So have the immigrants been well integrated into the city’s neighbourhoods, or is there a high degree of segregation? Population and urban analysts now recognise that ethnic residential patterns are too complex to be represented by a single index. The US Census Bureau analyses ethnic residential segregation in five dimensions: evenness, exposure, concentration, centralisation and clustering. Table 1 shows the first of these, evenness. for the three leading minority groups. The index measures the percentage of a group that would have to change residence for each neighbourhood (census area unit) to have the same percentage of that group as there is over the whole city. When the index equals 1, the group in question is largely found in neighbourhoods with a fairly homogenous composition. When the index equals 0, the group is completely integrated. As we can see, Maori are becoming more evenly spread across the city, while the concentration of Asians is increasing. Pacific people exhibit the highest level of concentration or segregation, and there is virtually no change over time.

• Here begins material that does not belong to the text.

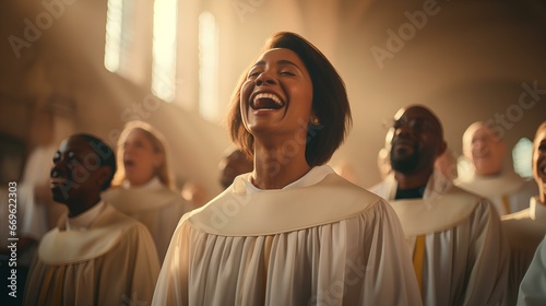 a church choir singing hymn with joy, showcasing the power of music in worship. generative AI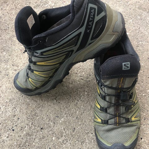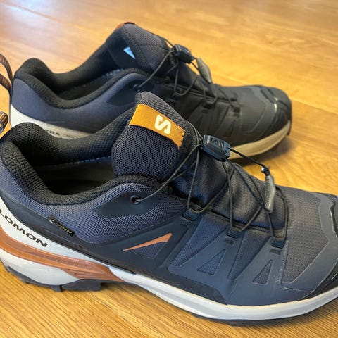 Salomon X ULTRA 4 vandresko i størrelse 44, sort farve. Er som nye, har gået under 10 km hvorefter jeg kunne konstatere de var en anelse for små til mig. Nyprisen var 1.200 kr. i foråret og nu har de stået længe nok i skabet, så du kan hente dem for halvdelen.

Table 1: Evenness of Distribution of Ethnic Minorities in Auckland, 1991 – 2013

Ethnic group 1991 1996 2001 2006 2013
Maori 0.3408 0.2981 0.3120 0.3130 0.2885
Pacific 0.4852 0.4752 0.4927 0.5000 0.4982
Asian 0.2540 0.2708 0.3030 0.3292 0.3347
Index: Dissimilarity Index

Exposure, the second of our dimensions of residential segregation, refers to the extent to which members of an ethnic group are exposed only to one another. It differs from the concept of evenness in taking into account the size of the group. Thus a group, if small in size, may be concentrated in a few neighbourhoods, but not be numerous enough to dominate the neighbourhood. We measure exposure with the isolation index. This index ranges from 0 (a high level of exposure to the majority ethnicity) to 1 (a low level of exposure). The values in table 2 suggest that Asian people are becoming less exposed to the majority European population. Or, to put it another way, are finding more people of their own ethnicity in their neighbourhoods.

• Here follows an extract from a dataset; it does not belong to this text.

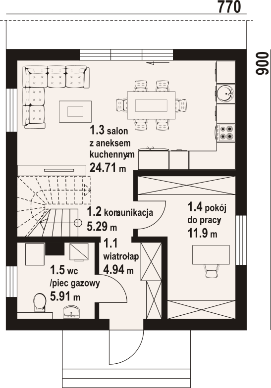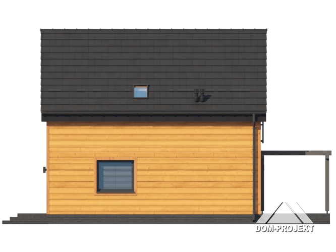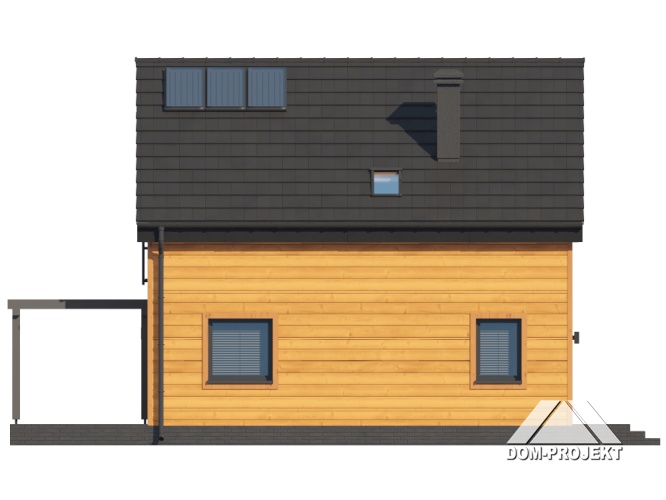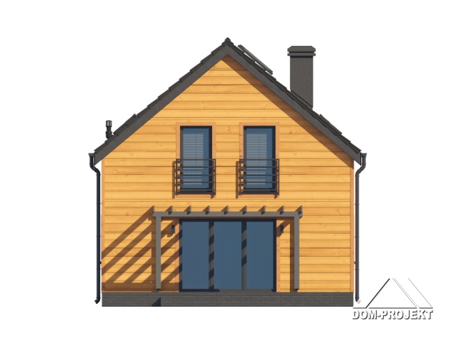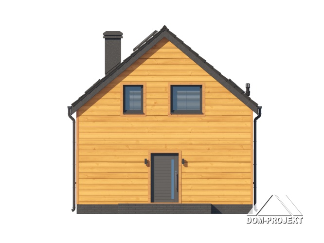 Dom w konstrukcji szkieletu drewnianego. Na parterze salon z aneksem kuchennym, wyjściem na taras i schodami na poddasze. Pokój do pracy, komunikacja, wiatrołap, wc/ piec gazowy. Na poddaszu trzy pokoje, komunikacja, łazienka, garderoba. Zwarta bryła budynku oraz dach dwuspadowy sprzyjają szybkiej i taniej budowie oraz niskim kosztom eksploatacji.

Table 2: Exposure of Ethnic Minorities in Auckland, 1991 – 2013

Ethnic group 1991 1996 2001 2006 2013
Maori 0.1819 0.1903 0.1823 0.1755 0.1625
Pacific 0.3157 0.3456 0.3780 0.3878 0.3895
Asian 0.0832 0.1537 0.2105 0.2910 0.3479
Index: Isolation Index

Concentration, the third dimension, refers to the amount of physical space a minority group occupies. Concentration is here measured with the delta index. A 0 value means that the group has a low residential density, and a 1 means that the group has a high density. As can be seen in Table 3, Maori and Pasifika people appear to have become slightly more geographically spread out over time.

Table 3: Concentration of Ethnic Minorities in Auckland, 1991 – 2013

Ethnic group 1991 1996 2001 2006 2013
Maori 0.5063 0.4800 0.4719 0.4569 0.4684
Pacific 0.6142 0.6000 0.5945 0.5820 0.5894
Asian 0.4884 0.4833 0.4736 0.4612 0.4816
Index: Delta Index

Centralisation refers to the propensity to live in either inner or outer suburbs. The absolute centralisation index ranges from -1 (mostly found in the outer suburbs) to +1 (mostly found in the inner city). The index values for all three ethnicities are moderately positive, with Asians having the highest values. However, concentration in the inner city is not really a feature of New Zealand’s largest city, given that minority groups in the United States have values above 0.7.

Table 4: Centralisation of Ethnic Minorities in Auckland, 1991 – 2013

Ethnic group 1991 1996 2001 2006 2013
Maori 0.0847 0.0879 0.0468 0.0261 0.0016
Pacific 0.1912 0.1591 0.1211 0.0744 0.1022
Asian 0.3807 0.3719 0.3556 0.3224 0.3279
Index: Absolute Centralisation Index

Clustering is the fifth dimension. It refers to the probability that areas with high proportions of minority group members will be adjacent to each other. The spatial proximity index ranges from 0 to infinity. if the index is less than 1, this means that on average, members of minority groups live nearer to members of the majority group than to people of their own ethnic identity. If the index equals 1, this means that there is no differential clustering between minority and majority ethnic groups. If the index is greater than 1, it means that members of each group on average live closer to people of their own ethnicity than to other ethnicities. In the United States, their major ethnic minorities (African-American and Hispanic) record values above 1.2. In Table 5, the index for Pasifika people rises to exceed 1.2 over time, but for Maori and Asians, index values remain close to 1.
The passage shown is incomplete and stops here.